– Накорми солдат великого Прота, – отдала указания Ролли. – Сам пробуй каждый раз еду, чтобы они не боялись отравления. Накорми хорошенько. Им предстоит дальняя дорога.
Уж не долины ли Рога имеет она в виду?
Когда гвардеец ушел выполнять приказ, девушка отвернулась в сторону светлеющих вдали стен Ворот Иса. Какое-то время она молчала, думая о своем. Она даже слегка прикусила губу, явно испытывая некие сильные чувства. Может, ненависть к такому наглецу, что пришел и откровенно сказал, что отберет у нее все.
– Мы будем ждать, когда вы будете готовы нас завоевать. Хотя и не думаю, что у вас что-либо выйдет. Или что вы успеете. Противно-то как… И так кругом непонятно кто… – наконец сказала она с разочарованием.

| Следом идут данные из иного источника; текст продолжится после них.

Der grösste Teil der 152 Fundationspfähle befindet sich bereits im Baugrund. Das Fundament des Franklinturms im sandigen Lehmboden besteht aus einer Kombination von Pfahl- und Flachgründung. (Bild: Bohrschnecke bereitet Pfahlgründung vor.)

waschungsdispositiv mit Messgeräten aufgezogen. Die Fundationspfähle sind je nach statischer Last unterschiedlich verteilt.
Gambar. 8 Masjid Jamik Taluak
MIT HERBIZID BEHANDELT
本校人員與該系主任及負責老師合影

Я только приподнял брови. Мне плакать хотелось, видя ее потерянное личико и расстроенные глаза. Она ждала друга, а получила неизвестно кого. Я смог только невероятными усилиями сдержаться и не сказать ничего лишнего, типа: «Я пошутил, что вы… мы никогда не посмеем…»
Она посмотрела мне в глаза, и я заметил слезы, так и не сорвавшиеся с ресниц.

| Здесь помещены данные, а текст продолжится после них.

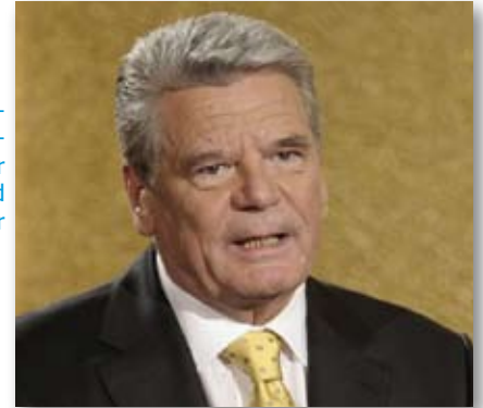
Erst im dritten Wahlgang zum Bundespräsidenten unterlegen: Der Rostocker Pfarrer und DDR-Bürgerrechtler Joachim Gauck

Joachim Gauck hat seine Erinnerungen "Winter im Sommer - Frühling im Herbst" aufgeschrieben, in denen er die traumatisierende Erfahrung der Unfreiheit und das beglückende Erlebnis der Freiheit beschreibt, aber auch den schwierigen Übergang von erzwungener Ohnmacht zu einem selbstbestimmten Leben nachzeichnet.
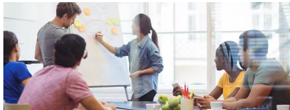
Levantamento releva média da bolsa-auxílio paga aos estagiários brasileiros

Em um recorte por região, a região Sudeste possui a remuneração mais alta para o grupo, R$ 1.958,60. Por outro lado, a região Norte possui a menor média, R$ 1.391,12.
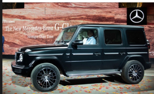
汽车 房地产 Automobile Real Estate
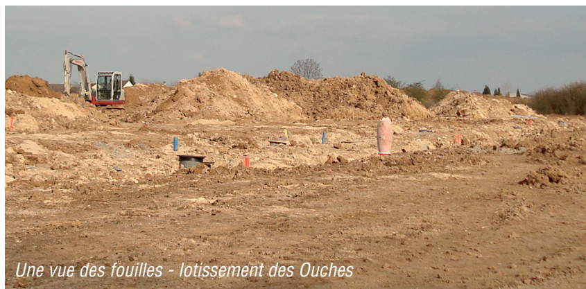
Une vue des fouilles - lotissement des Ouches

En effet, il y a 7000 ans, les premiers paysans de la région sont arrivés par étapes successives depuis l'Europe Centrale en passant par les Balkans, puis en remontant le Danube pour aboutir dans le nord de la France en passant par l'Allemagne et la Belgique ( vague danubienne). Certains se sont donc installés à Sours, étaient-ce les premiers habitants du village ?

– Простите, – сказал я. – Вы ждали дружбы, а приютили врага.
– Это неважно сейчас… – сказала она. – Скоро и нас, и всего этого уже не будет. Правда?
Я искренне сочувствовал ей:
– Мне жаль, что я вам поведал это. Иногда лучше умирать в неведении.

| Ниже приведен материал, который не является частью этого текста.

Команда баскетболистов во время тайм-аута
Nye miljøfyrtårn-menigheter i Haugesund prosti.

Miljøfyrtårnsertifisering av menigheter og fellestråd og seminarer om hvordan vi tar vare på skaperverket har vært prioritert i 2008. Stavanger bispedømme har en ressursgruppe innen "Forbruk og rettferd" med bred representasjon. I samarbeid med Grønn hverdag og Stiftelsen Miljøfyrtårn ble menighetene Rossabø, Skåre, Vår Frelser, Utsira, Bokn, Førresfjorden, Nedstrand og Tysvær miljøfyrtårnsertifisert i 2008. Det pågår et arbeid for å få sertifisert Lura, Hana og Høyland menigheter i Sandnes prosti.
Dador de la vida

Она кивнула. Но не ответила. Галера повернулась кормой к крепости и начала набирать ход.
– Я надеюсь, вы спасетесь, – сказал я. – Если сможете, бегите к нам, когда начнется бомбардировка планеты. Я приму вас в капсуле.
Она грустно покачала головой и сказала:
– Я не ваша любовница, не ваш друг и не семья вашего друга. Спасайте их. Я буду со своим народом, для которого нет защиты, кроме повелительницы и богини. Мы сто лет воюем со всем миром. И мы еще не погибли. Ваш Единый бог на нашей стороне. Надеюсь, он не отступит от нас в самый страшный час. Если же нас минует страшная участь, то милости просим в очередь желающих нас захватить. До открытия военных действий ваши суда атакованы моим флотом не будут. Ниже по течению Иса не ходите. Там сфера наших интересов. Пойдете хотя бы торговым кораблем без моего соизволения, начнется война. Я сожгу со своих галер все ваши прибрежные города.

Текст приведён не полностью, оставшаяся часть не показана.